◆ **TASK OBJECTIVE**: The pictures get left out, but everything else in the listing below must be duplicated exactly.

◆ **INFORMATION SHOWN**:
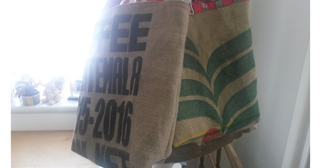 These include a variety of bags made using reclaimed coffee bean sacks. These lovely jute bags come from many countries and feature lots of images and lettering. Their condition varies but the best are put aside for using. Many times there is a clatter on the floor as a few remaining beans make a bid for freedom.
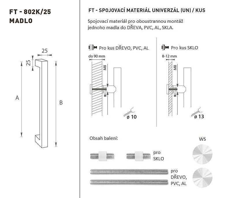 Madlo na dvere je vyrobené z vysoko kvalitnej nehrdzavejúcej ocele, známe ako nerez a je povrchovo upravené. Profil madla je 25 x 25 mm. Súprava UNIVERZÁL (UN) obsahuje spojovací materiál pre obojstrannú montáž jedného madla do dreva, PVC, AL, skla.
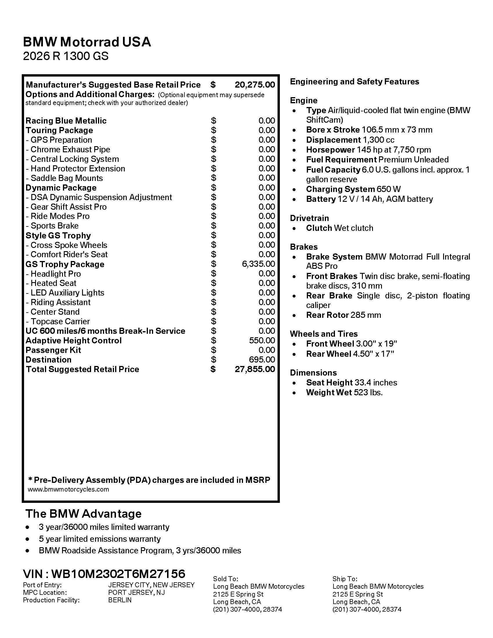 New 2026 BMW R 1300 GS in Long Beach, CA

◆ **EXERCISE RESULT**:
 These include a variety of bags made using reclaimed coffee bean sacks. These lovely jute bags come from many countries and feature lots of images and lettering. Their condition varies but the best are put aside for using. Many times there is a clatter on the floor as a few remaining beans make a bid for freedom.
 Madlo na dvere je vyrobené z vysoko kvalitnej nehrdzavejúcej ocele, známe ako nerez a je povrchovo upravené. Profil madla je 25 x 25 mm. Súprava UNIVERZÁL (UN) obsahuje spojovací materiál pre obojstrannú montáž jedného madla do dreva, PVC, AL, skla.
 New 2026 BMW R 1300 GS in Long Beach, CA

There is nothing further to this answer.